From the material below, retype exactly the lines that begin at the line with "The digital color" and end after the line with "שמלת ערב פרחונית"; pictures stay out of the copy.

Dataset content -
________________________________________

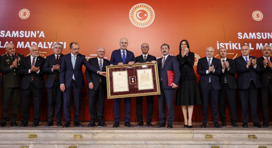 “İstiklal ateşinin yakıldığı en önemli merkezlerden biri olan Samsun’a, Millî Mücadele’de ortaya koyduğu tarihi kararlılığı, cesareti ve özverisi dolayısıyla Gazi Meclisimizde gerçekleştirdiğimiz törenle İstiklal Madalyası'nı ve beratını takdim ettik.
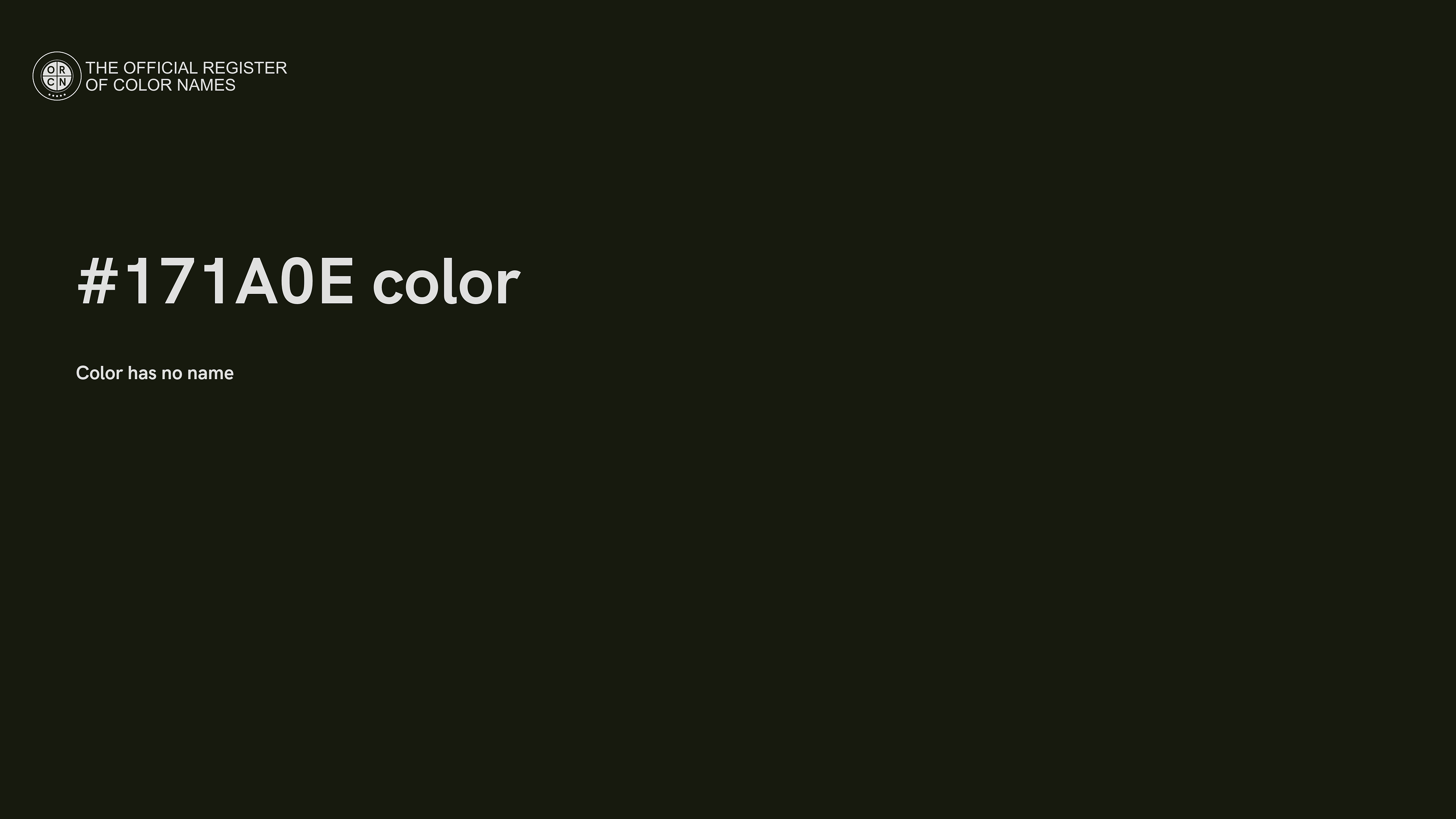 The digital color HEX #171A0E belongs to the Chartreuse Color Family featuring Mild Saturation (Saturation Family) and Very Dark (Brightness Family).
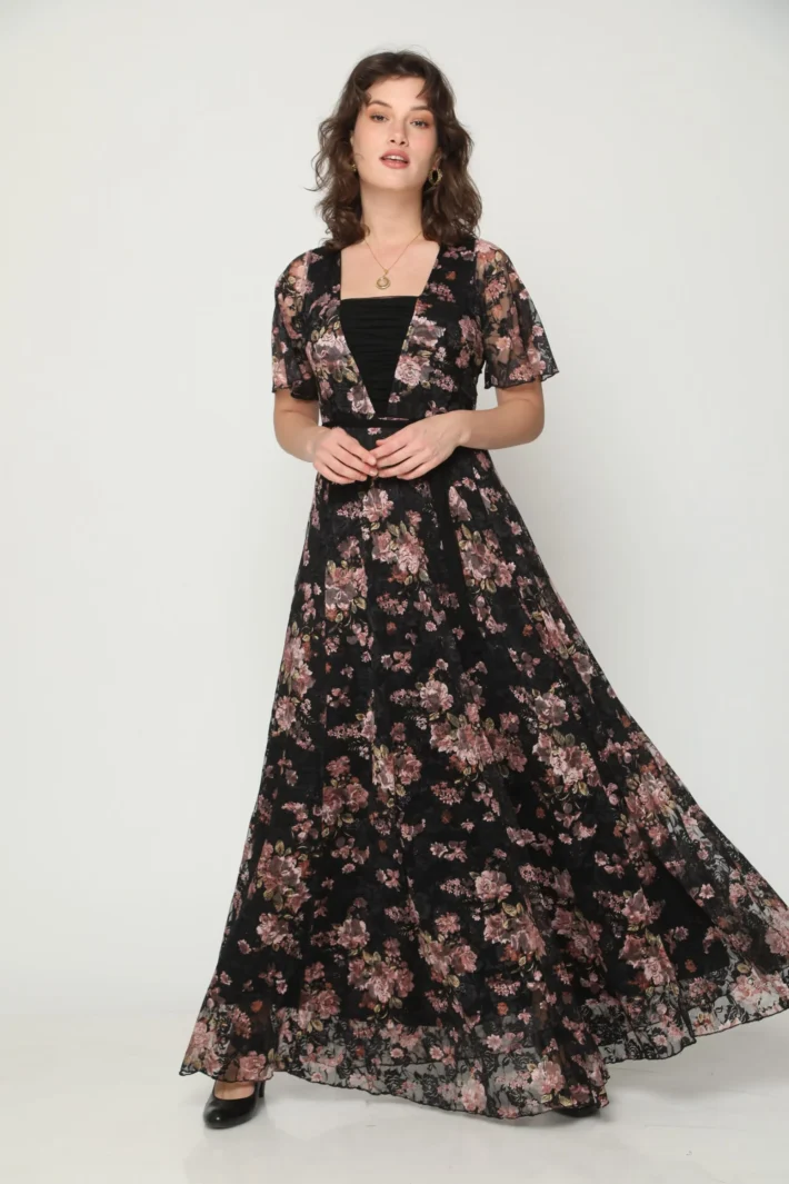 שמלת ערב פרחונית מבד תחרה, עם בד ביטנה נעימה לגוף מבד נאון.
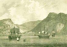 After his defeat in the Battle of Waterloo in June 1815 and the subsequent occupation of Paris, the Emperor of the French, Napoleon, surrendered to the British and was exiled to St Helena. He arrived on 21 October aboard the 74-gun ship HMS Bellerophon and resided at the Briars in Jamestown for several months until he was transferred to Longwood House in a more remote part of the island in December.[4] Jamestown was chosen to host a vice admiralty court and a naval base for British efforts to interdict the slave traffic between Africa and the Americas. Captured slave ships were often brought to Jamestown to be sold and their cargos were off-loaded in Rupert's Valley. By the time that the naval station was closed in the 1870s, an estimated 25,000 slaves had been rescued, although about 5,000 died shortly after arrival and were buried in Rupert's Valley. Long lost, their graves were rediscovered in 2006 in conjunction with preliminary digging for the airport. A team of archaeologists arrived in mid-2008 to excavate the graves. Some of the finds from the excavations are on exhibit at the International Slavery Museum in Liverpool, England.[5]

________________________________________

Output of the exercise -
 The digital color HEX #171A0E belongs to the Chartreuse Color Family featuring Mild Saturation (Saturation Family) and Very Dark (Brightness Family).
 שמלת ערב פרחונית מבד תחרה, עם בד ביטנה נעימה לגוף מבד נאון.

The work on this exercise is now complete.